REQUIRED WORK: Give back the data below word for word. Any image in it should be left out.
[[ DATA SHOWN open ]]
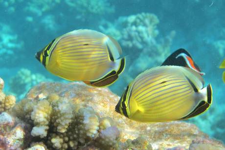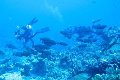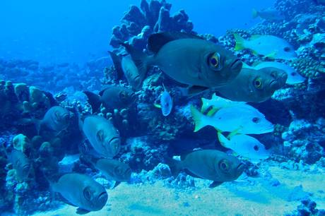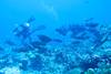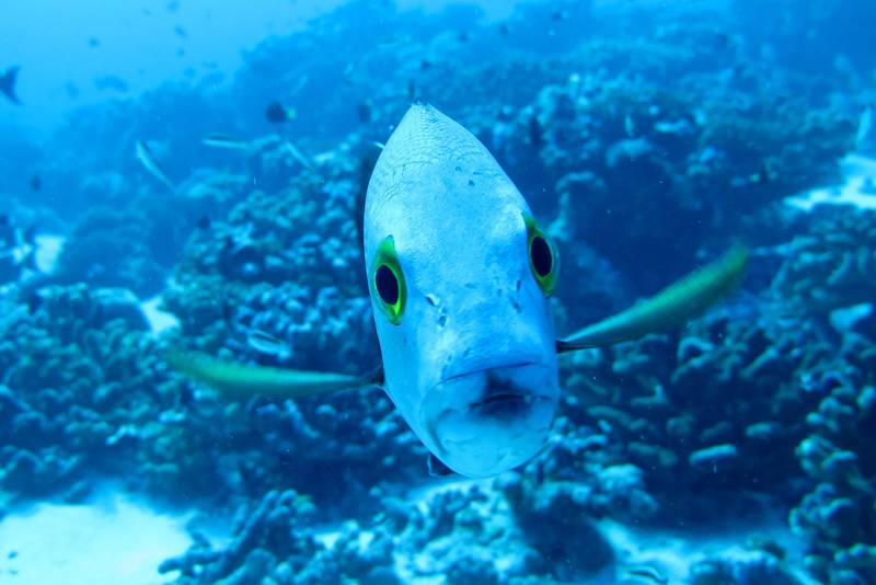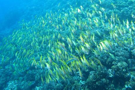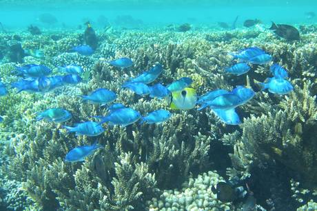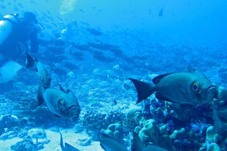 wenn wir Abfälle ins Wasser werfen sind sie ganz schnell da: die ulkigen Langnasendoktorfische...
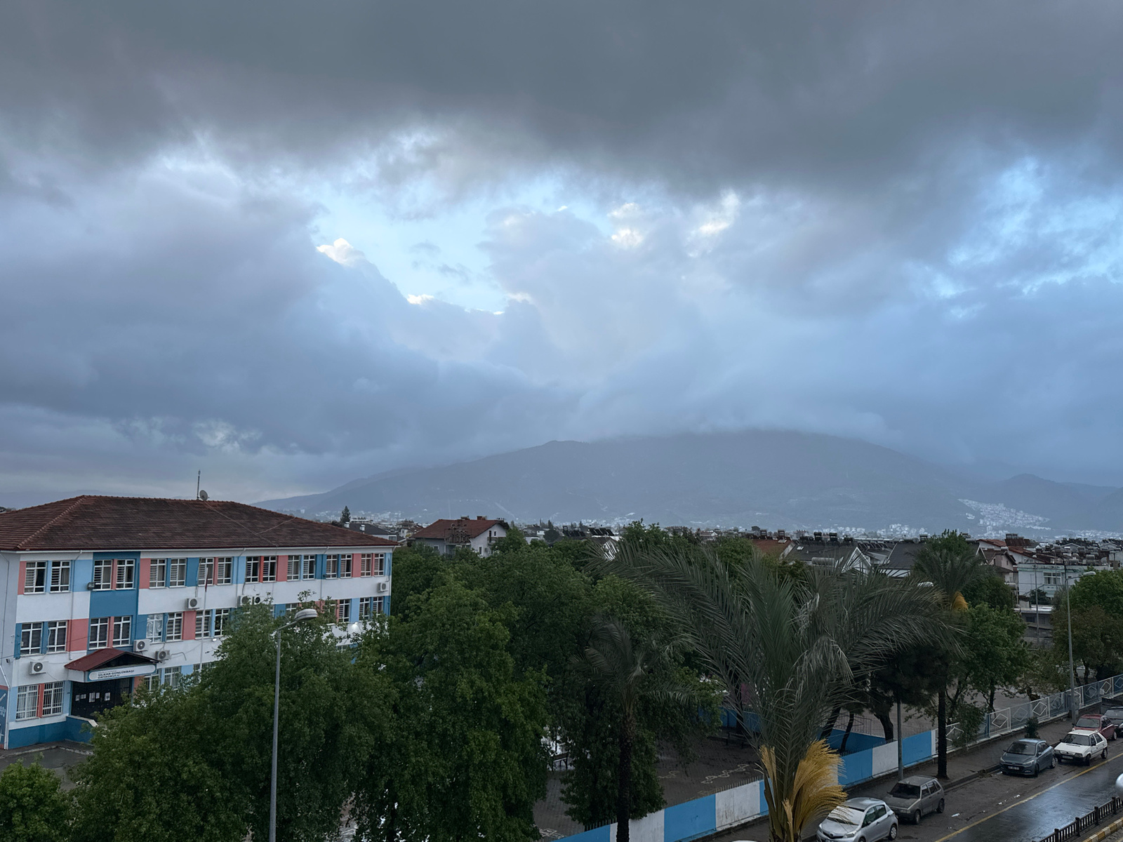 The photograph shows a cityscape in Fethiye, Turkey under a cloudy sky, likely during or after rainfall, as the road appears wet. A large building with a brown tile roof, painted in blue, white, and p…read more
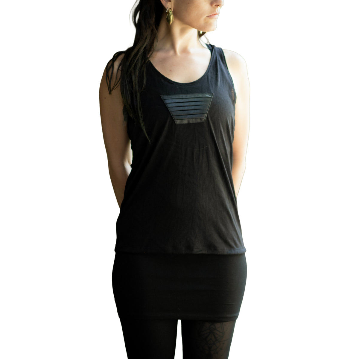 Loose Tank Top - slightly transparent, with artificial leather application - black patterned
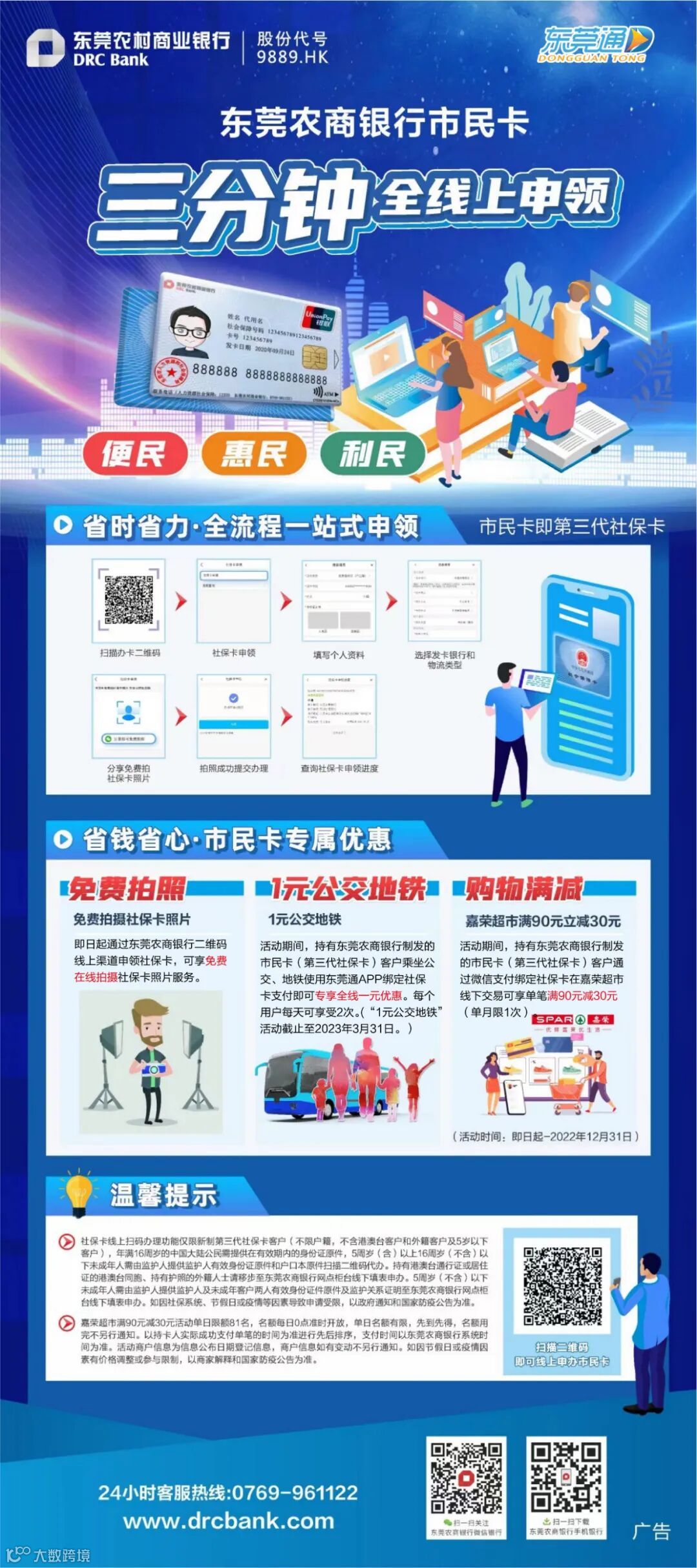 【东莞农商银行市民卡】1元乘公交地铁、购物满减......
[[ DATA SHOWN closed ]]
RESULT:
 wenn wir Abfälle ins Wasser werfen sind sie ganz schnell da: die ulkigen Langnasendoktorfische...
 The photograph shows a cityscape in Fethiye, Turkey under a cloudy sky, likely during or after rainfall, as the road appears wet. A large building with a brown tile roof, painted in blue, white, and p…read more
 Loose Tank Top - slightly transparent, with artificial leather application - black patterned
 【东莞农商银行市民卡】1元乘公交地铁、购物满减......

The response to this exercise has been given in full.